In the 1900s, in the public's mind baseball represented all that was good about America. Baseball served as a model for children's moral development. Therefore the Black Sox Scandal of 1919, over the fixing of the World Series, was a national disgrace. The scandal so deeply affected the American public that when Judge Kennesaw Mountain Landis became Commissioner of Baseball in 1921, the St. Louis Globe-Democrat wrote that if Landis could keep baseball on a high ethical plane, it would be more important than anything he could do on the federal bench.
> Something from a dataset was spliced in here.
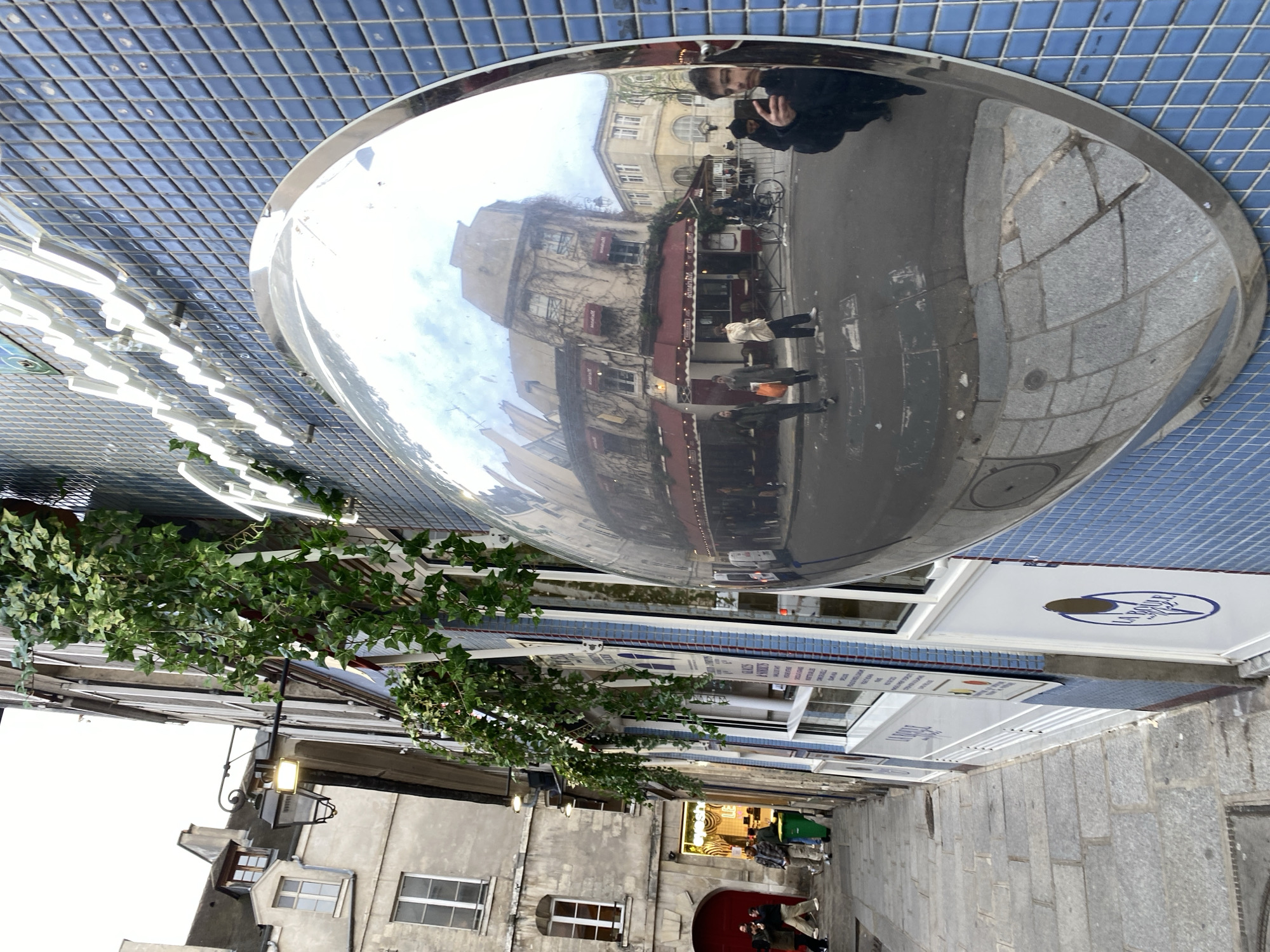 An outdoor scene on Rue des Martyrs in Paris, France, depicts a narrow street under an overcast sky. The viewpoint is from a sidewalk, looking along a building facade on the right, which is tiled with small, square blue tiles. A large, circular convex security mirror is mounted on this tiled wall. Above the mirror, artificial green ivy cascades, and white neon-style lettering is partially visible. Below the tiled section, white panels feature "LA BOULE" and text in French indicating an establishment selling ice cream and waffles. To the left, a paved sidewalk extends past historic, light-colored stone buildings with multiple windows and pitched roofs; one building displays a prominent dormer window. A black, ornate streetlamp extends from a building facade. Several pedestrians walk along this sidewalk; one person is carrying a green bag, and a green public waste bin is visible. Further down the street, an arched entryway and a storefront with a yellow "Eyewish" sign are visible. The convex mirror prominently reflects the street opposite. A multi-story building with a light-colored facade, covered in ivy, features multiple windows and red retractable awnings over its ground floor, indicating a café or restaurant with outdoor seating. Patrons and pedestrians are visible on the opposite sidewalk and street. A bicycle is parked near the reflected cafe. The photographer, wearing a dark jacket and beanie and holding a smartphone, is distinctly visible in the lower right quadrant of the mirror's reflection.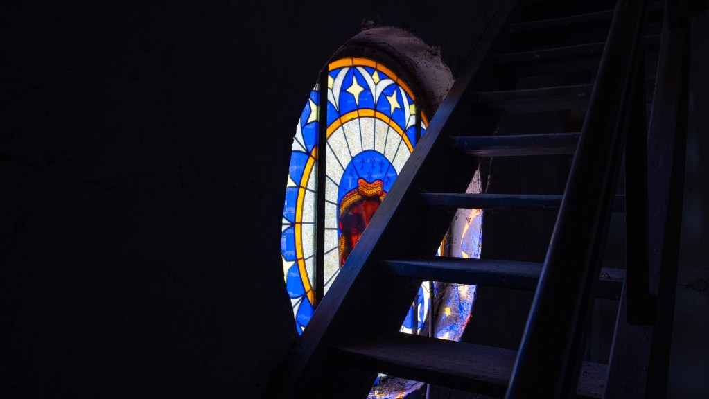 Po drodze, jak zwykle w historycznych kościołach, mijamy wejście do „sali” nad sklepieniem. Mowa o przestrzeni pod więźbą dachową, znajdującej się między górną częścią kościelnego sklepienia, a dolną częścią dachu, która – ze względów technicznych – zwykle jest nieźle dostępna. Widać tutaj jak na wyciągnięcie dłoni żebra, samą misterną konstrukcję sklepienia oraz belkowanie. Środkiem, na całej długości, prowadzi bardzo wygodny pomost.

The golden era of sport in the 1920s produced baseball's first superstars, Babe Ruth, Ty Cobb, and Lou Gehrig. Games were broadcast over the RADIO to millions of people. It was during this time that organized youth baseball got its start. In 1925 the American Legion started their junior baseball program to give more boys an opportunity to play and as a means of teaching them good sportsmanship and citizenship. With the financial support of major league baseball, American Legion baseball competition began in 1926. In 1928 the issue of girls playing became an explosive one when it was discovered that Margaret Gisolo was a member of the Blanford, Indiana, team. Although Margaret was allowed to finish the season, the next year the rules were changed to allow boys only to play. Later leagues were careful to specify that only boys could join. In 1939 Carl Stotz founded Little League Baseball with the purpose of developing citizenship, sportsmanship, and manhood. PONY (Protect Our Nation's Youth) Baseball, Inc. was formed in 1951 and the Babe Ruth League in 1952. Not until 1974 after a lengthy court battle were girls allowed to play Little League baseball. After that the other leagues also permitted girls to play. Even with that change relatively few girls play baseball today.
American Legion and Little League Baseball continue to be popular programs. In 2000 American Legion Posts sponsored 5,300 baseball and other athletic teams throughout the United States. By 1999 Little League baseball was being played in 100 countries. Baseball became an Olympic sport in 1992.
Berlage, Gai. 1994. Women in Baseball: The Forgotten History. West-port, CT: Praeger.
Crepeau, Richard. 1980 Baseball: America's Diamond Mind. Orlando: University Presses of Florida.
Rader, Benjamin. G. 1999. American Sports: From the Age of Folk Games to the Age of Televised Sports, 4th ed. Upper Saddle River, NJ: Prentice Hall.
Seymour, Harold. 1990. Baseball: The People's Game. New York: Oxford University Press.
Ward, Geoffrey, and Ken Burns. 1994. Baseball: An Illustrated History. New York: Knopf.